Ela limpou o rosto, resignada, e explicou: “Ficar sem respirar não significa morte. Sem batimentos cardíacos, ainda há chances de salvar. Só a morte cerebral é morte real.”
“Morte cerebral?” Xie Shiyuan refletiu e perguntou: “Quer dizer, colapso do mar da consciência?”
Antes que Qin Shu pudesse responder, ele mesmo disse: “Não, você ainda não tem mar da consciência.”

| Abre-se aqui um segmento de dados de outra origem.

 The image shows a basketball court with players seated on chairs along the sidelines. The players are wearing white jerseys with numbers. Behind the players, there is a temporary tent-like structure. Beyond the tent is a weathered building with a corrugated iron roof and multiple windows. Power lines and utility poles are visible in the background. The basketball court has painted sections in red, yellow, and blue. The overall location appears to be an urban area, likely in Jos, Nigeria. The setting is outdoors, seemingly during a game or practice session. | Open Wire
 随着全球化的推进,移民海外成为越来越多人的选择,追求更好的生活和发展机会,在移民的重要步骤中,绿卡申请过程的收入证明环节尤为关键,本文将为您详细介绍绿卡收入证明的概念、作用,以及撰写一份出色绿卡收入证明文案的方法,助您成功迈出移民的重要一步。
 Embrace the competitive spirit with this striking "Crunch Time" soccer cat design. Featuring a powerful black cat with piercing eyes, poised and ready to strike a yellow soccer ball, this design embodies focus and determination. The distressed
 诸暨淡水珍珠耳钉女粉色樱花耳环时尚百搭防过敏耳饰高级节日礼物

Qin Shu ficou novamente sem palavras. Algumas serpentes eram belas quando silenciosas, mas ao falar, tornavam-se insuportáveis.

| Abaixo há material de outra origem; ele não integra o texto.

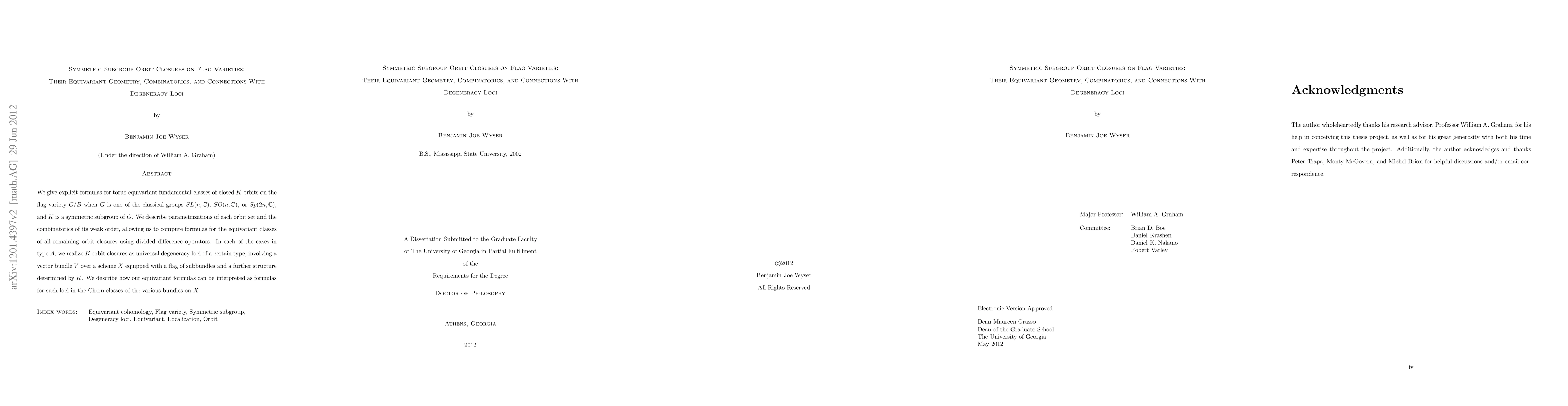 We give explicit formulas for torus-equivariant fundamental classes of closed $K$-orbits on the flag variety $G/B$ when $G$ is one of the classical groups $SL(n,\C)$, $SO(n,\C)$, or $Sp(2n,\C)$, and $K$ is a symmetric subgroup of $G$. We describe parametrizations of each orbit set and the combinatorics of its weak order, allowing us to compute formulas for the equivariant classes of all remaining orbit closures using divided difference operators. In each of the cases in type A, we realize the $K$-orbit closures as universal degeneracy loci of a certain type, involving a vector bundle $V$ over a scheme $X$ equipped with a flag of subbundles and a further structure determined by $K$. We describe how our equivariant formulas can be interpreted as formulas for such loci in the Chern classes of the various bundles on $X$.

“Morte cerebral é quando a consciência se dispersa”, explicou ela, esforçando-se para ser clara.
“Consciência dispersa? Alma destruída?” indagou Xie Shiyuan em voz baixa.
Qin Shu quis explicar seu ceticismo, dizer que essas coisas de almas e espíritos eram apenas lendas; mas, ao abrir a boca, percebeu que sua convicção não era tão firme assim. Este era um mundo de cultivo espiritual, onde era possível ascender, tornar-se um fantasma cultivador após a morte — naturalmente, almas existiam.

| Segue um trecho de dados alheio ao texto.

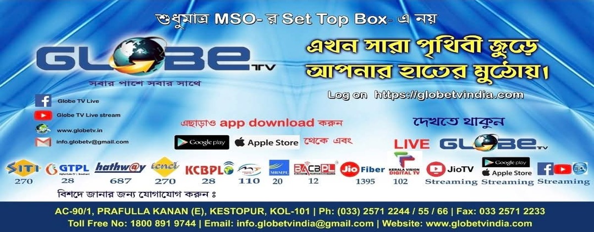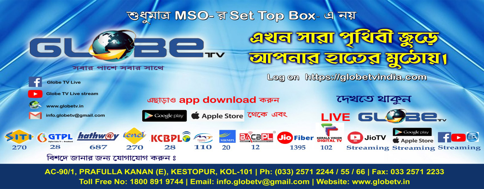 GLOBE TV is an International Television Channel. It broadcasting from Kolkata, West Bengal, India. GLOBE TV is also a new milestone in audio-visual world and a fast growing Television channel with the largest cable network…
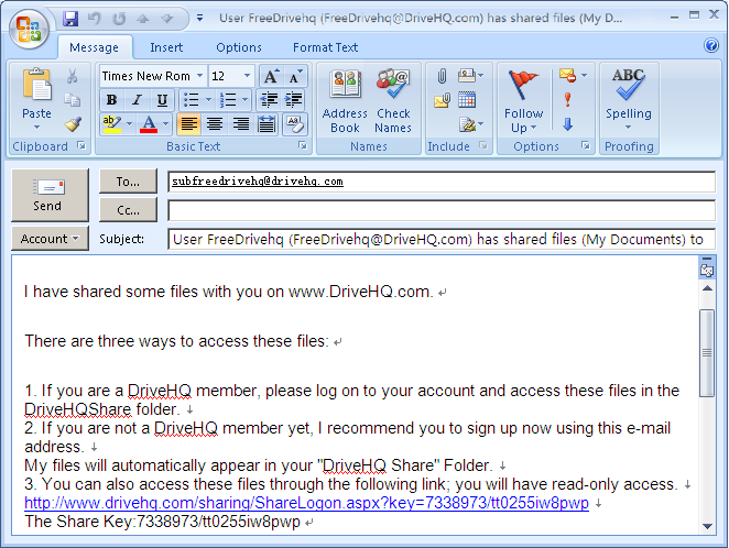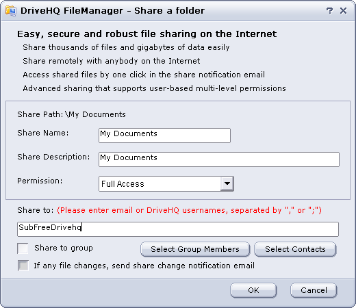 • The remote folder "\My Documents" has been shared to the user: SubFreeDrivehq. If all Share-to users are DriveHQ members, then it is not necessary to send the share notification email. The "share-to" users can logon www.drivehq.com or DriveHQ FileManager, go to the virtual folder: \DriveHQ Share\YOUR_USERNAME\SHARE_NAME
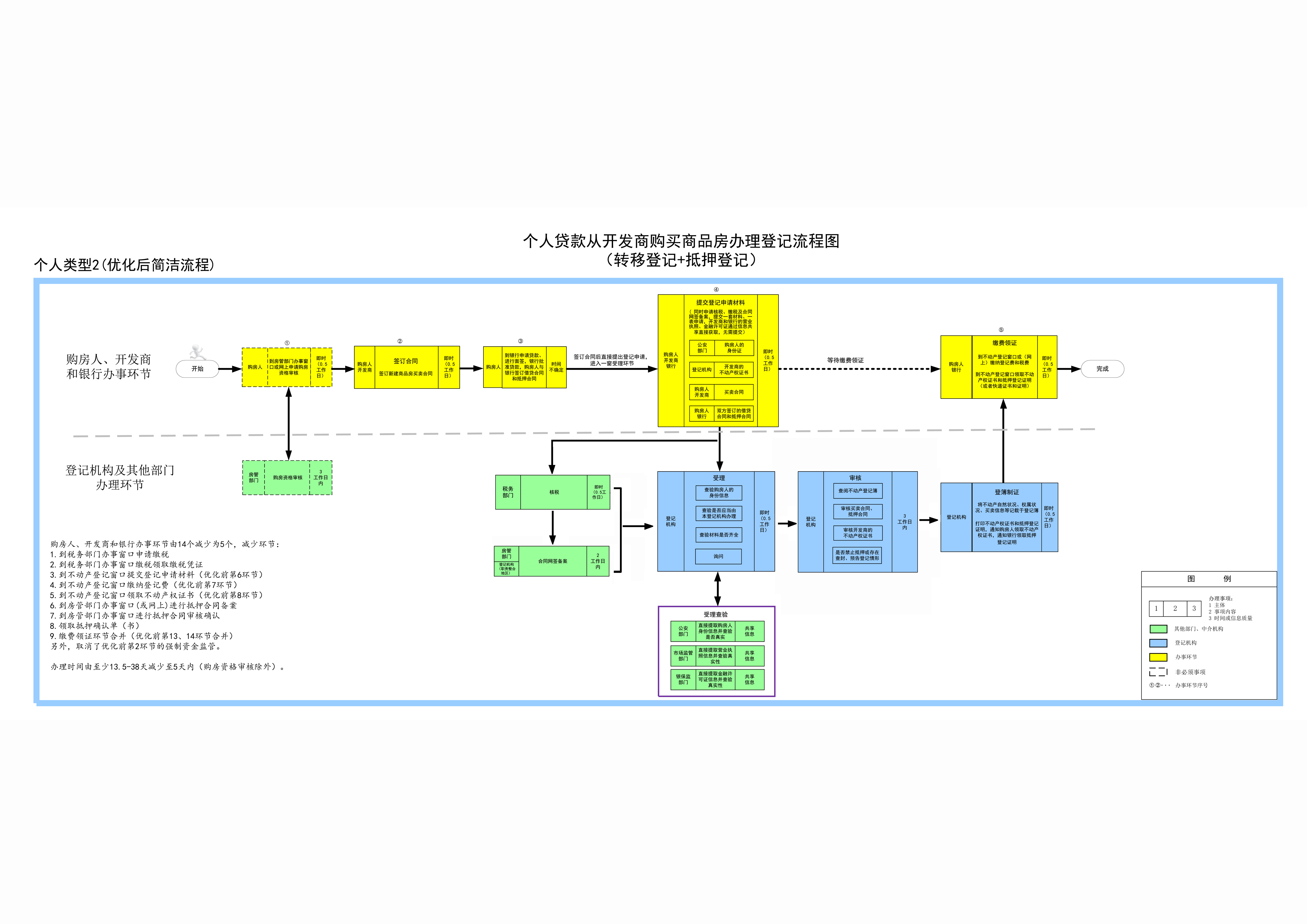 个人类型2个人贷款从开发商购买商品房办理登记流程优化图(转移登记+抵押登记)

Com o olhar ligeiramente complexo, viu Xie Shiyuan continuar a observá-la; suspirou e respondeu: “Pode-se dizer isso.”
Ao lembrar-se que teria um obstáculo a superar em seis anos, Qin Shu sentiu o coração ainda mais pesado.
Mas, no momento seguinte, ouviu Xie Shiyuan dizer: “Não precisa se preocupar. Você e eu estamos ligados por um pacto; não há ninguém aqui capaz de dispersar sua alma.”
Surpresa com a súbita afirmação dominante, Qin Shu assentiu de forma vaga. Pensava que aquele senhor era um tanto confiante demais, talvez esquecendo que estava gravemente ferido. Ele próprio mal escapara da morte — realmente teimoso como um pato que não admite estar morrendo.
Parecia ter muitos inimigos; ser envolvida por ele era mais perigoso do que qualquer imprudência própria.
Xie Shiyuan percebeu sua incredulidade, mostrando-se insatisfeito. Ele já prometera proteger sua alma, e ela ainda não confiava? Realmente uma criança sem experiência.
Sem que Qin Shu notasse qualquer movimento, viu sua figura se tornar gradualmente difusa diante dela, até desaparecer.
Ela recostou-se no barril, sentindo o corpo preencher-se novamente de força. Inspirou, mergulhou a cabeça na água e soprou bolhas, repetindo várias vezes. Quando a água esfriou completamente e o poder medicinal se dissipou, saiu do barril; um círculo de energia espiritual envolveu seu corpo, secando a roupa aderida.
Esticou-se, notando que ainda era cedo. Se descansasse agora, desperdiçaria tempo; talvez fosse ao Salão das Escrituras?
Preparava-se para sair quando uma borboleta dourada familiar apareceu diante da barreira de proteção. Qin Shu a abriu, e a borboleta entrou, queimando-se completamente diante dela.
Logo, ouviu a voz do mestre: “Shu, venha ao meu salão.”
Pronto, a visita ao Salão das Escrituras teria de esperar. Recitou a fórmula que encurta distâncias, dispersou energia espiritual e correu honestamente para o outro lado da montanha. De qualquer modo, precisava fortalecer o corpo; correr mais não faria mal, só seria mais lento, mas o mestre saberia esperar.
O Mestre Lingxu tomava chá espiritual sem sabor, ainda sem ver Qin Shu chegar.
“O que Shu anda fazendo? Por que demora tanto?” perguntou Lingxu.
Cheng Yan pensou um pouco e respondeu: “A irmã tem preparado muitos elixires; agora há grande sobra de elixir de reforço e de velocidade em nossa seita.”
“Ela passou meses preparando elixires?” Lingxu ficou surpreso; nunca vira discípula tão dedicada.
“Sim. Agora ela prepara tantos que inventou um método para fazer duas fornadas ao mesmo tempo.” Cheng Yan demonstrava admiração.
Lingxu, após centenas de anos preparando elixires, também conseguia fazer duas fornadas simultâneas — mas era questão de hábito. Qin Shu, ao todo, mal tinha meio ano de prática; realmente, era um prodígio.
“E a Pluma Escarlate? Não está também preparando elixires, certo?” perguntou Lingxu.
Cheng Yan inclinou-se, respondendo: “Mestre, acertou. Pluma Escarlate tem passado os últimos dois meses no salão de elixires, e junto com Qin Shu criou uma estratégia de tarefas claras: preparam elixires para os discípulos, mas ficam com uma parte.”
Lingxu ficou perplexo.
“Esse método foi ideia de Shu, não foi?” perguntou o mestre.
Pluma Escarlate era direta e orgulhosa; dificilmente teria pensado nisso por si só.